A small plastic ball with a mass of 6.80 10-3 kg and with a charge of +0.161 µC is suspended from an insulating thread and hangs between the plates of a capacitor (see the drawing). The ball is in equilibrium, with the thread making an angle of 30.0° with respect to the vertical. The area of each plate is 0.0155 m2. What is the magnitude of the charge on each plate?
m=6.8•10⁻³ kg, q=0.161•10⁻⁶C, A=0.0155 m², α=30°, Q=?
Let’s find the projections of the forces acting on the plastic ball:
x-projections: Tsinα =F ……. (1)
y-projections: Tcosα = mg ……(2)
Divide (1) by (2)
Tsinα /Tcosα=F/mg,
tanα =F/mg…………(3)
F=qE=qσ/ε₀=q•Q/A ε₀ …(4)
Substitute (4) in (3)
tanα = qQ/A• ε₀•m•g,
Q= A•ε₀•mg• tanα/q=
=0.0155•8.85•10⁻¹²•6.8•10⁻³•9.8•0.577/0.161•10⁻⁶=
= 3.28•10⁻⁸ C
To find the magnitude of the charge on each plate, we can start by analyzing the forces acting on the suspended plastic ball.
When the ball is in equilibrium, the gravitational force pulling it downwards is balanced by the electrical force due to the electric field between the plates of the capacitor.
Let's break down the forces involved:
1. Gravitational force (Fg):
The gravitational force acting on the ball is given by the equation:
Fg = mass * acceleration due to gravity
In this case, the mass of the ball is 6.80 * 10^-3 kg, and the acceleration due to gravity is approximately 9.8 m/s^2. Therefore, we can calculate the gravitational force acting on the ball.
2. Electrical force (Fe):
The electrical force acting on the ball is given by the equation:
Fe = charge on the ball * electric field strength
The electric field strength between the plates of the capacitor can be calculated by dividing the voltage (V) applied to the capacitor by the distance (d) between the plates:
E = V / d
In this case, the electric field strength (E) can be found using the given voltage (V) and the distance (d) between the plates.
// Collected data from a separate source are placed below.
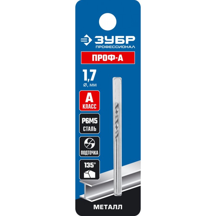 Сверло по металлу 1.7 x 43 мм сталь Р6М5 класс А ЗУБР ПРОФ-А Профессионал 29625-1.7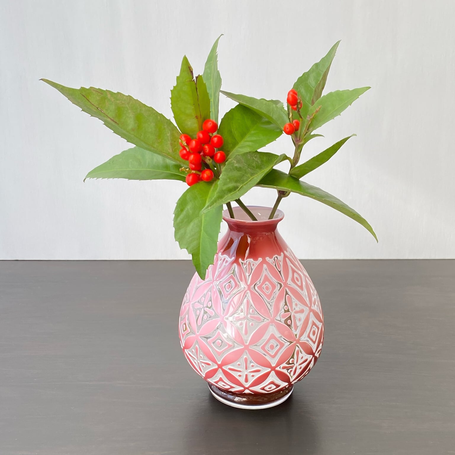 4・5枚目の写真では千両の小枝を2枝挿してみました。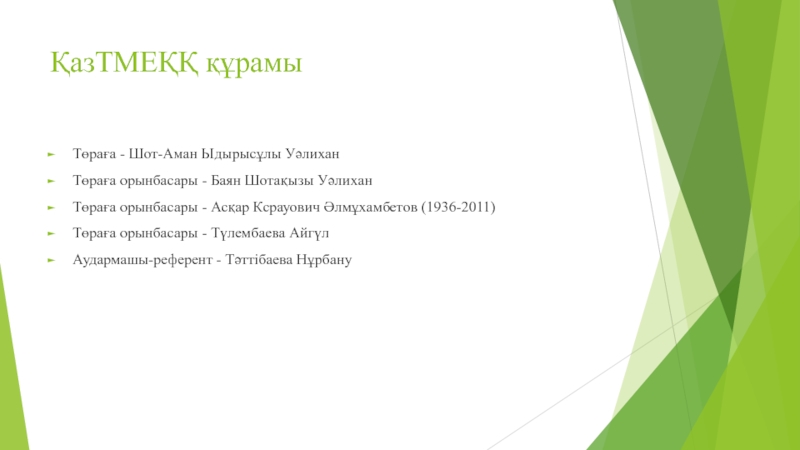 ҚазТМЕҚҚ құрамы Төраға - Шот-Аман Ыдырысұлы УәлиханТөраға орынбасары - Баян Шотақызы УәлиханТөраға орынбасары - Асқар Ксрауович Әлмұхамбетов

The charge on each plate can be calculated as follows:
3. Force equilibrium:
For the ball to be in equilibrium, the gravitational force (Fg) and the electrical force (Fe) must be equal and opposite. Therefore, we can equate the equations for Fg and Fe to find the charge on the plates.
Now that we have broken down the problem into smaller parts, we can proceed to determine the magnitude of the charge on each plate.